### Data extract ###

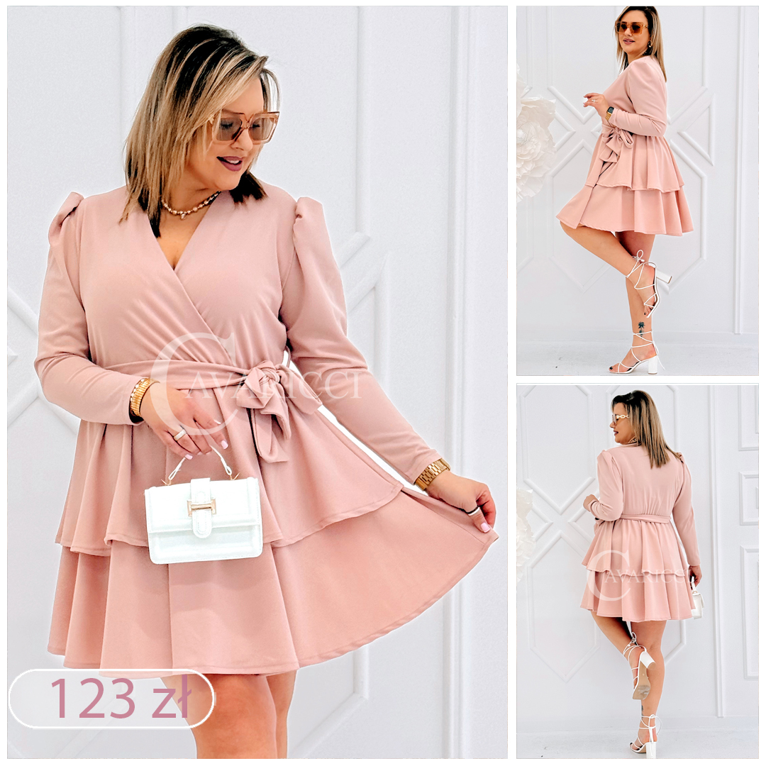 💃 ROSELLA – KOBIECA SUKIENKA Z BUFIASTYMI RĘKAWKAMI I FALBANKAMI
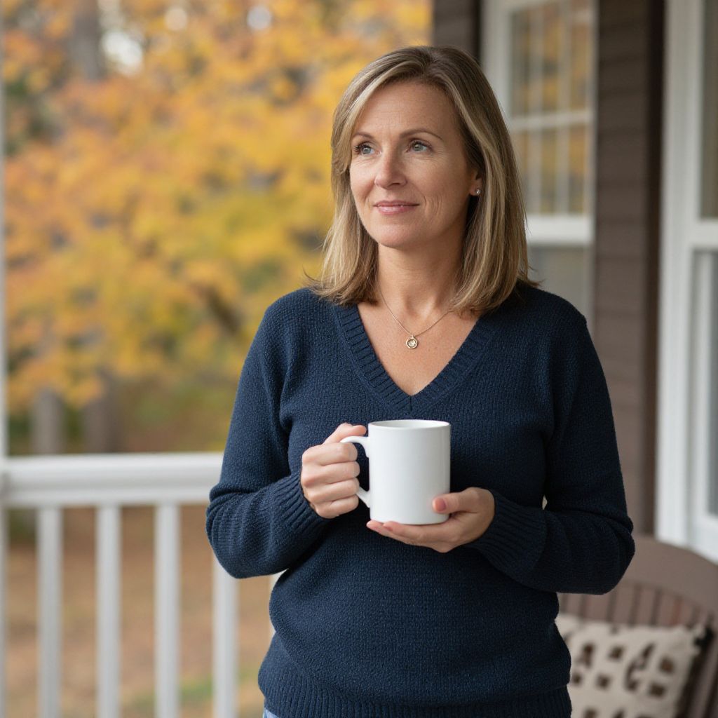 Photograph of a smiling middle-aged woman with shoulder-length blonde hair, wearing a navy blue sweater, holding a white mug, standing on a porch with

###
### Data extract ###

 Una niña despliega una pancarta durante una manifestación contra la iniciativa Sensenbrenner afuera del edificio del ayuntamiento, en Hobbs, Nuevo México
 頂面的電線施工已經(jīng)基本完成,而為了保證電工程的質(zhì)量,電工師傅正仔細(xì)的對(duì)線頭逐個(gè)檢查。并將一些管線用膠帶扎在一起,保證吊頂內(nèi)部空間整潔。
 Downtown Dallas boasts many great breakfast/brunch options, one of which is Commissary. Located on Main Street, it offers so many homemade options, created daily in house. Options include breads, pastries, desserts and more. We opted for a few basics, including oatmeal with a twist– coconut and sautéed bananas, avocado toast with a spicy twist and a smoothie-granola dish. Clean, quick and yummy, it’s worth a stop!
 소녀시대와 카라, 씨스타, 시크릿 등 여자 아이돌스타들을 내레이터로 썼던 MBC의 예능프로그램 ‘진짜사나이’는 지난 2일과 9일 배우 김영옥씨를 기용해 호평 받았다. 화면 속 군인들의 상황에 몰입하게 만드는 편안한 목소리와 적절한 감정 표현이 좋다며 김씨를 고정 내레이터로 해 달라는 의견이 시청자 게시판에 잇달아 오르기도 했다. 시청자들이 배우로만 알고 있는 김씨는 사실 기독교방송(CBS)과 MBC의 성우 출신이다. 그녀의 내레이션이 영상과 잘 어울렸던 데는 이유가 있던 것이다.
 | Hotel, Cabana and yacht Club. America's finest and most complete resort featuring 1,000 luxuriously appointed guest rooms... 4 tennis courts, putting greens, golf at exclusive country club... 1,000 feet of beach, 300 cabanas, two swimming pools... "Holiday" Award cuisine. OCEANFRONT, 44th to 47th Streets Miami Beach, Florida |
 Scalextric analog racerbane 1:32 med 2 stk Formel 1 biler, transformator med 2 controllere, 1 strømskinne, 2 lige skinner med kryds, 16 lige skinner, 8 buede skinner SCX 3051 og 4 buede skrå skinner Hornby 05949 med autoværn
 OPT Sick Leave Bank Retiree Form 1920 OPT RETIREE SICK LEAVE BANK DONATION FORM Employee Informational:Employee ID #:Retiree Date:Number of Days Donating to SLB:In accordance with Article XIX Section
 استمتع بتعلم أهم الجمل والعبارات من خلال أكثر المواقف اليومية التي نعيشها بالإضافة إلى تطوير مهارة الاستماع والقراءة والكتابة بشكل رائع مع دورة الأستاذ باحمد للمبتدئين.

###

▶ [Exercise brief]: Output the lines above between the one holding "頂面的電線施工已經(jīng" and the one holding "استمتع بتعلم أهم", inclusive, with nothing before or after them.

▶ [Expected output]:
 頂面的電線施工已經(jīng)基本完成,而為了保證電工程的質(zhì)量,電工師傅正仔細(xì)的對(duì)線頭逐個(gè)檢查。并將一些管線用膠帶扎在一起,保證吊頂內(nèi)部空間整潔。
 Downtown Dallas boasts many great breakfast/brunch options, one of which is Commissary. Located on Main Street, it offers so many homemade options, created daily in house. Options include breads, pastries, desserts and more. We opted for a few basics, including oatmeal with a twist– coconut and sautéed bananas, avocado toast with a spicy twist and a smoothie-granola dish. Clean, quick and yummy, it’s worth a stop!
 소녀시대와 카라, 씨스타, 시크릿 등 여자 아이돌스타들을 내레이터로 썼던 MBC의 예능프로그램 ‘진짜사나이’는 지난 2일과 9일 배우 김영옥씨를 기용해 호평 받았다. 화면 속 군인들의 상황에 몰입하게 만드는 편안한 목소리와 적절한 감정 표현이 좋다며 김씨를 고정 내레이터로 해 달라는 의견이 시청자 게시판에 잇달아 오르기도 했다. 시청자들이 배우로만 알고 있는 김씨는 사실 기독교방송(CBS)과 MBC의 성우 출신이다. 그녀의 내레이션이 영상과 잘 어울렸던 데는 이유가 있던 것이다.
 | Hotel, Cabana and yacht Club. America's finest and most complete resort featuring 1,000 luxuriously appointed guest rooms... 4 tennis courts, putting greens, golf at exclusive country club... 1,000 feet of beach, 300 cabanas, two swimming pools... "Holiday" Award cuisine. OCEANFRONT, 44th to 47th Streets Miami Beach, Florida |
 Scalextric analog racerbane 1:32 med 2 stk Formel 1 biler, transformator med 2 controllere, 1 strømskinne, 2 lige skinner med kryds, 16 lige skinner, 8 buede skinner SCX 3051 og 4 buede skrå skinner Hornby 05949 med autoværn
 OPT Sick Leave Bank Retiree Form 1920 OPT RETIREE SICK LEAVE BANK DONATION FORM Employee Informational:Employee ID #:Retiree Date:Number of Days Donating to SLB:In accordance with Article XIX Section
 استمتع بتعلم أهم الجمل والعبارات من خلال أكثر المواقف اليومية التي نعيشها بالإضافة إلى تطوير مهارة الاستماع والقراءة والكتابة بشكل رائع مع دورة الأستاذ باحمد للمبتدئين.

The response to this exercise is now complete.